Abstract
Background
The isopentenols, including isoprenol and prenol, are excellent alternative fuels. However, they are not compounds largely accumulated in natural organism. The need for the next generation of biofuels with better physical and chemical properties impels us to develop biosynthetic routes for the production of isoprenol and prenol from renewable sugar. In this study, we use the heterogenous mevalonate-dependent (MVA) isoprenoid pathway for the synthesis of isopentenyl pyrophosphate (IPP) and dimethylallyl pyrophosphate (DMAPP) intermediates, and then convert IPP and DMAPP to isoprenol and prenol, respectively.
Results
A mevalonate titer of 1.7 g/L was obtained by constructing an efficient MVA upper pathway in engineered E. coli. Different phosphatases and pyrophosphatases were investigated for their abilities in hydrolyzing the IPP and DMAPP. Consequently, ADP-ribose pyrophosphatase was found to be an efficient IPP and DMAPP hydrolase.
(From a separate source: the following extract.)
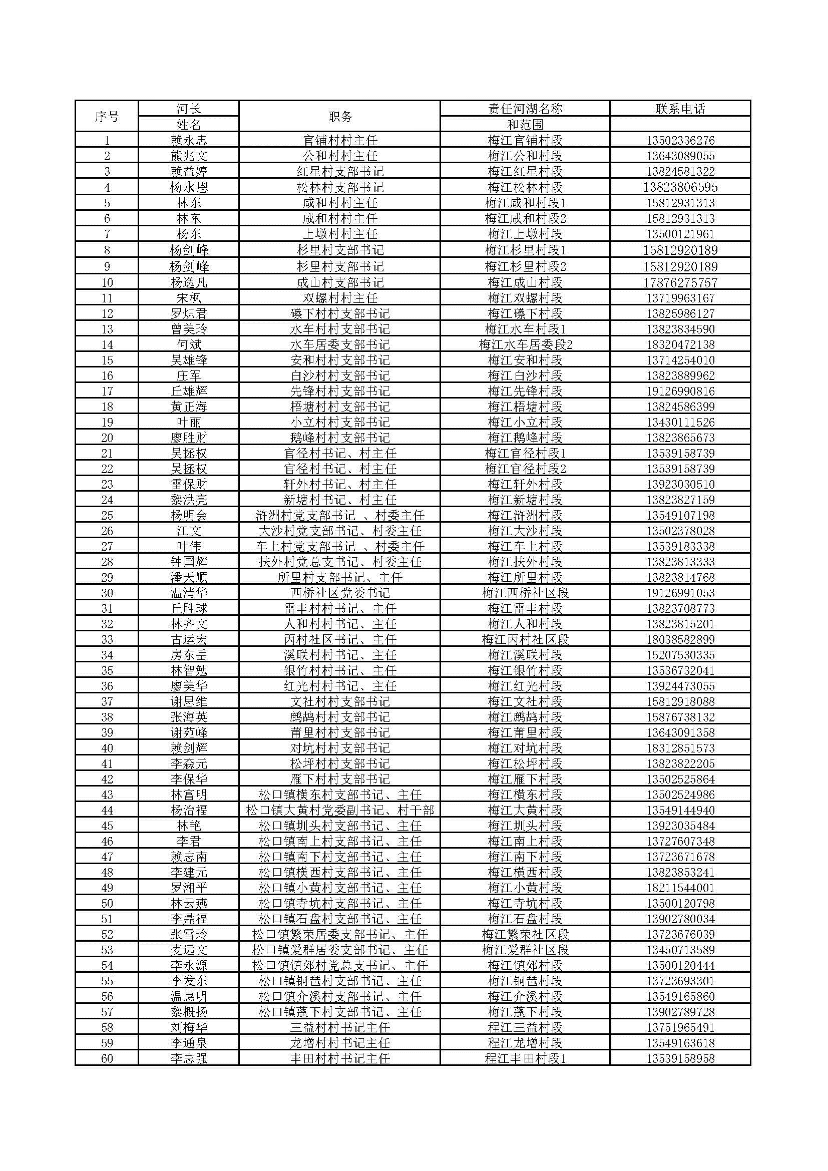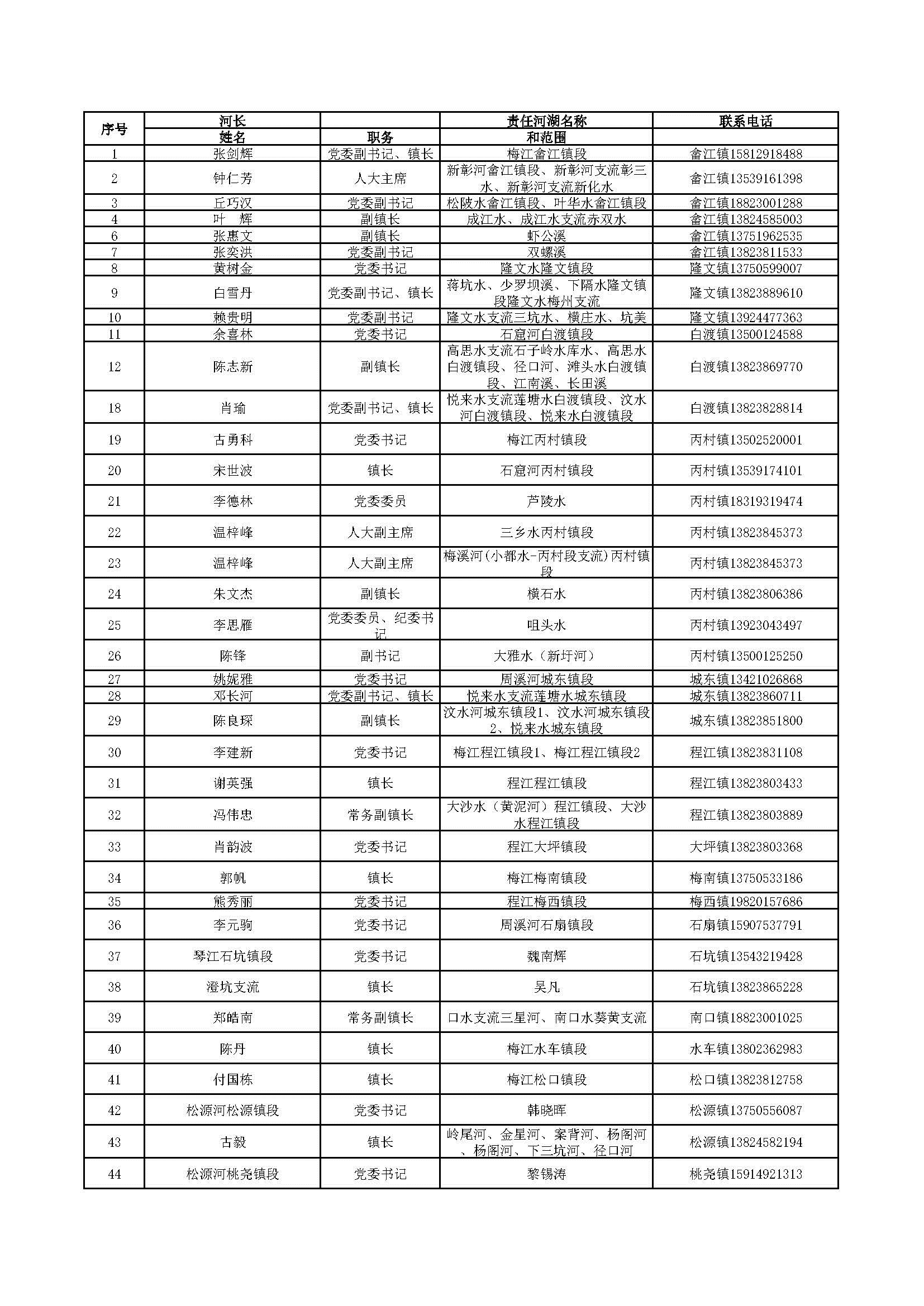 為深入貫徹落實(shí)黨中央、國(guó)務(wù)院、省、市關(guān)于全面推行河湖長(zhǎng)制的決策部署,加強(qiáng)我區(qū)河湖長(zhǎng)制工作的組織領(lǐng)導(dǎo),自覺(jué)接受社會(huì)監(jiān)督,現(xiàn)將梅縣區(qū)三級(jí)河長(zhǎng)名單向社會(huì)公告。

Moreover, ADP-ribose pyrophosphatase from Bacillus subtilis (BsNudF) exhibited a equivalent substrate specificity towards IPP and DMAPP, while ADP-ribose pyrophosphatase from E. coli (EcNudF) presented a high substrate preference for DMAPP. Without the expression of any phosphatases or pyrophosphatases, a background level of isopentenols was synthesized. When the endogenous pyrophosphatase genes (EcNudF and yggV) that were capable of enhancing the hydrolyzation of the IPP and DMAPP were knocked out, the background level of isopentenols was still obtained. Maybe the synthesized IPP and DMAPP were hydrolyzed by some unknown hydrolases of E. coli. Finally, 1.3 g/L single isoprenol was obtained by blocking the conversion of IPP to DMAPP and employing the BsNudF, and 0.2 g/L ~80% prenol was produced by employing the EcNudF. A maximal yield of 12% was achieved in both isoprenol and prenol producing strains.
Conclusions
To the best of our knowledge, this is the first successful report on high-specificity production of isoprenol and prenol by microbial fermentation. Over 1.3 g/L isoprenol achieved in shake-flask experiments represents a quite encouraging titer of higher alcohols. In addition, the substrate specificities of ADP-ribose pyrophosphatases were determined and successfully applied for the high-specificity synthesis of isoprenol and prenol. Altogether, this work presents a promising strategy for high-specificity production of two excellent biofuels, isoprenol and prenol.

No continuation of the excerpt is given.